While Hong Kong SAR’s business cycle remains more synchronized with that of the United States, Mainland China plays an increasingly important role in driving idiosyncratic developments in key sectors. This note sheds light on how external developments affect growth prospects of Hong Kong SAR.

1. Understanding the synchronization of Hong Kong SAR’s business cycles with those of major trading partners is important for assessing its growth prospects. Hong Kong SAR is a small highly-open economy, buffeted not only by domestic factors, but also external developments. Although it has traditionally been predominately affected by spillovers from the U.S., in recent years, Hong Kong SAR’s economy has become increasingly integrated with that of Mainland China. The impact of spillovers on Hong Kong SAR’s business cycle and sectoral developments is important for assessing Hong Kong SAR’s growth prospects. We consider developments in the Four Pillar industries which include financial services, tourism, trading and logistics, and professional services and other producer services, accounting for 57 percent of GDP in 2015.2 The correlation between headline real GDP growth and Four Pillars industries was 0.97 during 2001Q1 to 2017Q1.

Hong Kong SAR: Real GDP Growth and Estimated Growth of Four Pillar Industries

Sources: C&SD; and IMF staff calculations.

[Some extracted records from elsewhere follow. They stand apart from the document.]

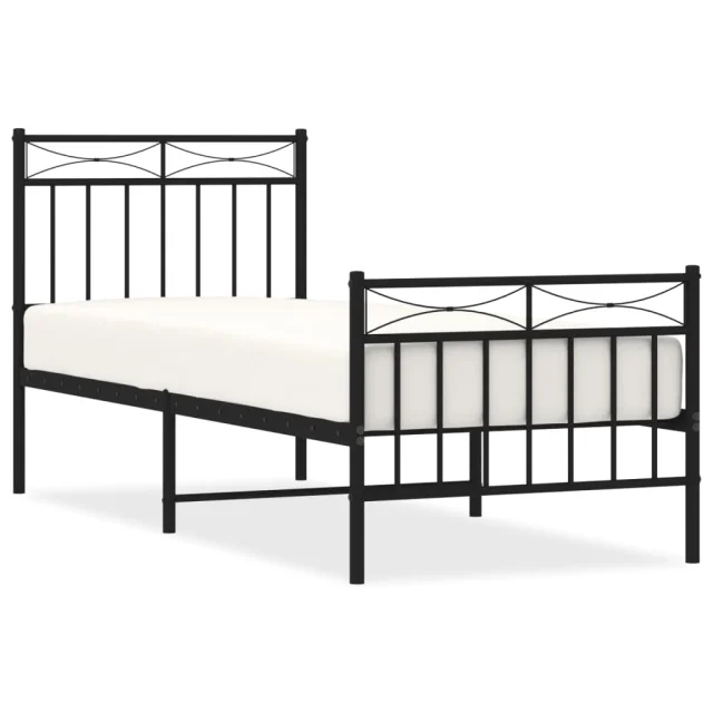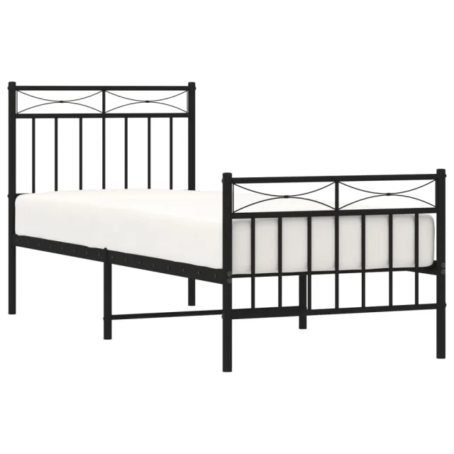 Kovinski Posteljni okvir - Enojna postelja - Postelja za odrasle z vzglavjem in vznožjem črn 80x200 cm
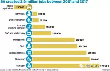 2001-2017年间,南非的雇用人口数量增长了360万,达到目前的1610万;但是增长速度最快的,仍然是专业人员领域。17年间,这一领域的就业增长达到133%。
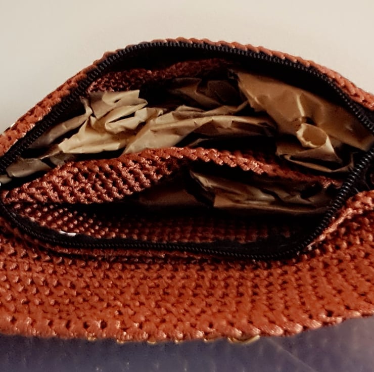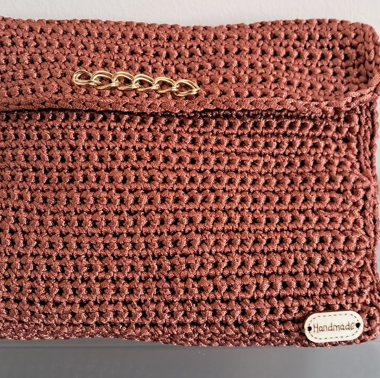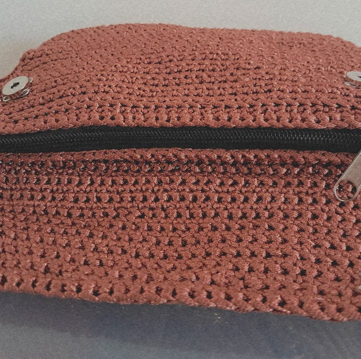 A copper coloured handmade, crocheted clutch bag with chain decoration to the front flap, zip fastening, magnetic snap clasps, wrist strap and inside divided into two pockets.

A. Hong Kong SAR’s Business Cycle Remains More Synchronized with that of the US

2. The sectoral growth of Four Pillar industries can be decomposed into a common shock and idiosyncratic sectoral shocks (using principal components).3 The first principal component of the growth rates of Four Pillar industries, labeled henceforth as the “common shock”, has moved closely with headline GDP. We label the residual of each sector’s growth after deducting the common shock as a “sectoral shock”, which tracks idiosyncratic developments in the corresponding sector. The correlation between the common shock and cyclical swings in the U.S. and Mainland China were 0.74 and 0.63 respectively, during 2001Q1-2017Q1, showing significant unconditional bilateral spillovers from both the U.S and Mainland China. The magnitudes of the correlation of each sector with either U.S. or Chinese business cycles were generally smaller and their signs varied across sectors. In a multivariate regression to explain the common shock, the coefficients of the cyclical swings in the U.S. and Mainland China were both significant at 0.69 and 0.46 respectively. This preliminary evidence suggested that Hong Kong SAR has a more synchronized cycle with the U.S. than with Mainland China.

Correlations between shocks in Hong Kong’s growth and cycles in US and Mainland China

Sources: C&SD; and IMF staff calculations.

3. Further analysis confirms that Hong Kong SAR’s business cycle is still more synchronized with the U.S. In the literature, He, Liao and Wu (2015)4 tested Hong Kong’s growth synchronization with a structural VAR model based on the permanent-income hypothesis, and found that the transitory component of income in Hong Kong SAR remains more driven by that of the U.S. while the permanent component of income (or trend growth) in Hong Kong SAR is more driven by that of Mainland China. We used the reduced-form VAR model, and the variance decomposition provides direct information on the relative contribution from each external business cycle.5 For the full sample of 2001Q1-2017Q1, headline growth (as proxied by the common shock) was more affected by cyclical swings in the U.S., which accounted for 15 percent of the variation. The impact of cyclical swings in Mainland China was much smaller at only 0.6 percent.

Contribution of Variation in HK’s Business Cycle from US and Mainland China

(Common Shock)

Sources: C&SD; and IMF staff calculations.

4. However, spillovers from Mainland China have been growing. We estimated 32-quarter rolling window versions of the 3-variable VAR to examine the extent of spillovers over time. The effect of the U.S. was the highest at 46 percent during the global financial crisis in 2008, then fell gradually to 6.6 percent in 2012, and rebounded subsequently to 25 percent in 2016. On the other hand, influence from Mainland China has been growing though it is still smaller; it jumped to 4 percent in 2011 from (below 1 percent) and then rose gradually to 7.4 percent in 2016.

B. Increasing Contribution of Mainland China in Key Sectors

5. Analysis showed that China is playing a bigger role in driving idiosyncratic developments in certain sectors in Hong Kong SAR. We assess whether Mainland China or the U.S. cycles drive sectoral shocks, by replacing the common shock with sectoral shocks in the 3-factor VAR models. The results suggest that idiosyncratic developments of the key sectors are increasingly driven by Mainland China, reflecting greater integration. Financial services have benefited from gradual capital account liberalization in Mainland China. Tourism stayed weak on stalled momentum in Mainland tourist arrivals and their spending, while trading and logistics was sensitive to external demand from Mainland China.

Variance Decomposition for Sectoral Shocks

(in percent of total variations)

Sources; C&SD; and IMF staff calculations.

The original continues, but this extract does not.